TCPA: In-Browser Analytics

The TCPA Litigation Visualizer is a dashboard for tracking trends in the consumer communications space. This was created to inform a series of blog posts and articles I was looking to publish about data in the TCPA litigation space. I was having trouble finding reliable sources of information and a way to visualize and explore the data trends, so I decided to build one myself using MotherDuck and DuckDB-WASM.

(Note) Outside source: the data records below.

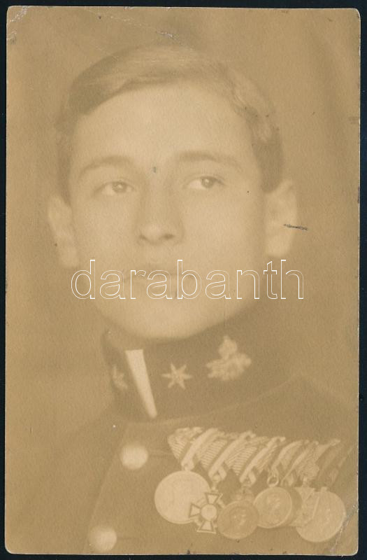 cca 1930 Fiatal katona sok kitüntetéssel, fotó javításokkal, 14×9 cm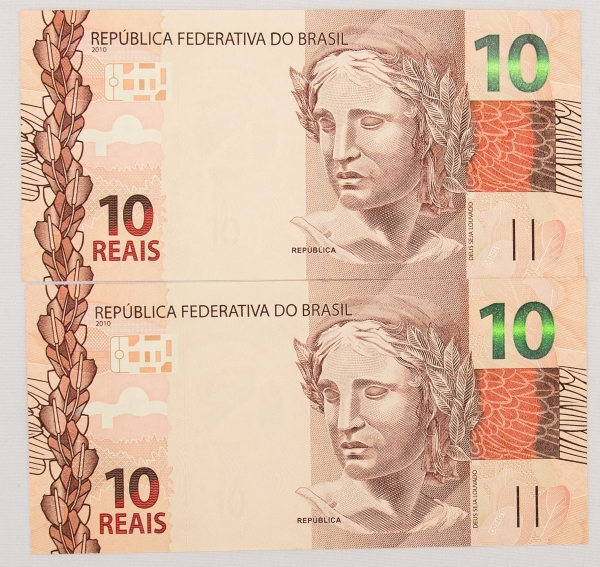 • Numismática, Brasil. Lote com 2 cédulas de 10 reais sendo HG010220614 e HG010220615. Seriadas. Escassas. Flor de estampa.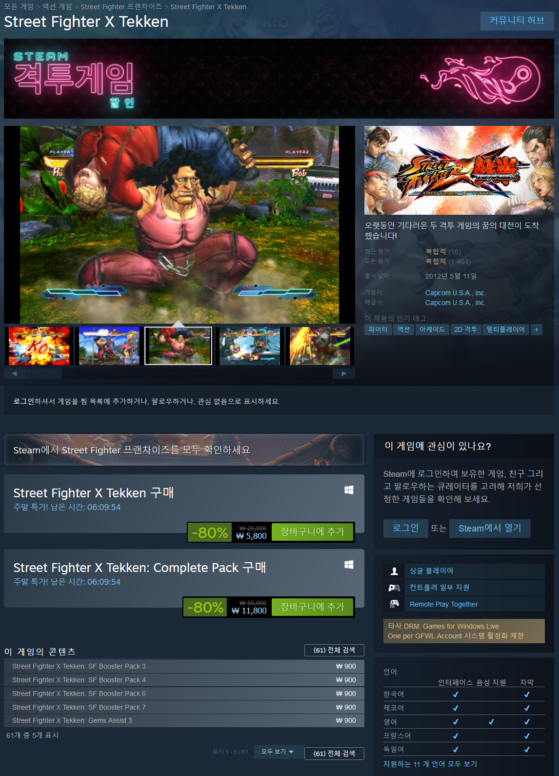 - Street Fighter X Tekken: Complete Pack 80%(11,800원 최저가)

Consumer-protection litigation is a moving target, and the move that matters most happened on April 1, 2021. That is when the Supreme Court handed down Facebook v. Duguid, narrowing the definition of an automatic telephone dialing system (ATDS) under the Telephone Consumer Protection Act. After Duguid, a device had to use a random-or-sequential number generator to qualify — predictive dialers working from stored lists, which had powered most TCPA suits for a decade, largely fell outside the statute. The plaintiffs' bar responded by pivoting: fewer ATDS claims, more Do-Not-Call (DNC) and pre-recorded-voice claims, and heavier use of state Mini-TCPA statutes where the federal ceiling no longer held.

That pivot is the story the numbers should tell, but the numbers are hard to see. The Consumer Litigation Visualizer was built to make it legible — a trend tracker for the four statutes that shape consumer privacy and credit litigation: TCPA (47 U.S.C. § 227), FDCPA (15 U.S.C. § 1692), FCRA (15 U.S.C. § 1681), and CFPB enforcement actions. All four share the post-Duguid window as a coherent analytical period, and together they describe how the regulatory floor for consumer communication gets built in practice.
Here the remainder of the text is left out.